Use of inhaled nitric oxide and acetylcholine in the evaluation of pulmonary hypertension and endothelial function after cardiopulmonary bypass - PubMed (original) (raw)

Comparative Study

. 1993 Nov;88(5 Pt 1):2128-38.

doi: 10.1161/01.cir.88.5.2128.

Affiliations

• PMID: 8222107
• DOI: 10.1161/01.cir.88.5.2128

Comparative Study

Use of inhaled nitric oxide and acetylcholine in the evaluation of pulmonary hypertension and endothelial function after cardiopulmonary bypass

D L Wessel et al. Circulation. 1993 Nov.

Abstract

Background: Increased pulmonary vascular resistance is common in congenital heart disease and is exacerbated by cardiopulmonary bypass (CPB). We investigated whether CPB is responsible for pulmonary endothelial dysfunction and contributes to postoperative pulmonary hypertension.

Methods and results: We infused the endothelium-dependent vasodilator acetylcholine (ACH) into the pulmonary circulation of pulmonary hypertensive children with congenital heart disease either before (n = 12) or after (n = 22) surgical repair on CPB. The dose response to ACH (10(-9) to 10(-6) M) was recorded for all hemodynamic variables. Nine additional postoperative patients were studied with ACH followed by inhalation of 80 ppm nitric oxide, an endothelium-independent smooth muscle relaxant. Plasma levels of cyclic GMP (cGMP) were measured before and after ACH and nitric oxide administration. Pulmonary vasodilation with 10(-6) M ACH was seen in all preoperative patients but was markedly attenuated in postoperative patients. Baseline pulmonary vascular resistance (5.6 +/- 1.0 U x m2) fell 46 +/- 5% in preoperative patients but declined only 11 +/- 4% from baseline (5.8 +/- 0.9 U x m2) in postoperative patients (P < .002). However, inhalation of 80 ppm nitric oxide after ACH infusion in postoperative patients lowered pulmonary vascular resistance by 33 +/- 4% (P < .0002 compared with postoperative ACH response) with minimal effects on the systemic circulation. This finding suggests that the capacity for smooth muscle relaxation and pulmonary vasodilation was present in postoperative patients but could not be induced by ACH. Plasma levels of cGMP in postoperative patients were unchanged after acetylcholine infusion but rose more than threefold during pulmonary vasodilation with nitric oxide (P < .0001). This finding is consistent with the purported role of cGMP as the second messenger effecting smooth muscle relaxation in this process.

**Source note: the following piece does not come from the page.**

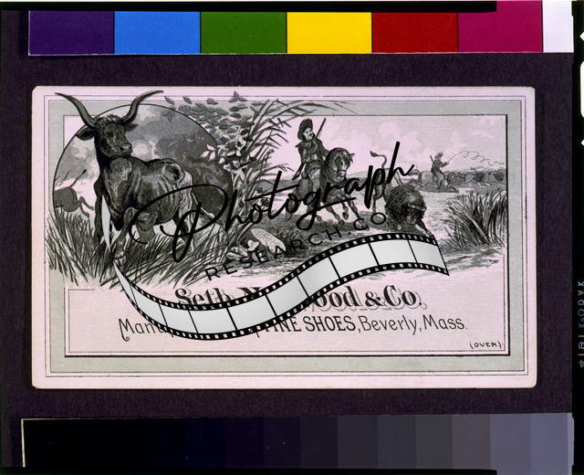 Seth Norwood & Co, shoes, Trade card advertising. 1875

Conclusions: CPB may be responsible for postoperative dysfunction of the pulmonary endothelial cell and may contribute to postoperative pulmonary hypertension in children. Inhaled nitric oxide is a potent pulmonary vasodilator after CPB with minimal systemic circulatory effects. It may have important diagnostic and therapeutic applications in patients with congenital heart disease.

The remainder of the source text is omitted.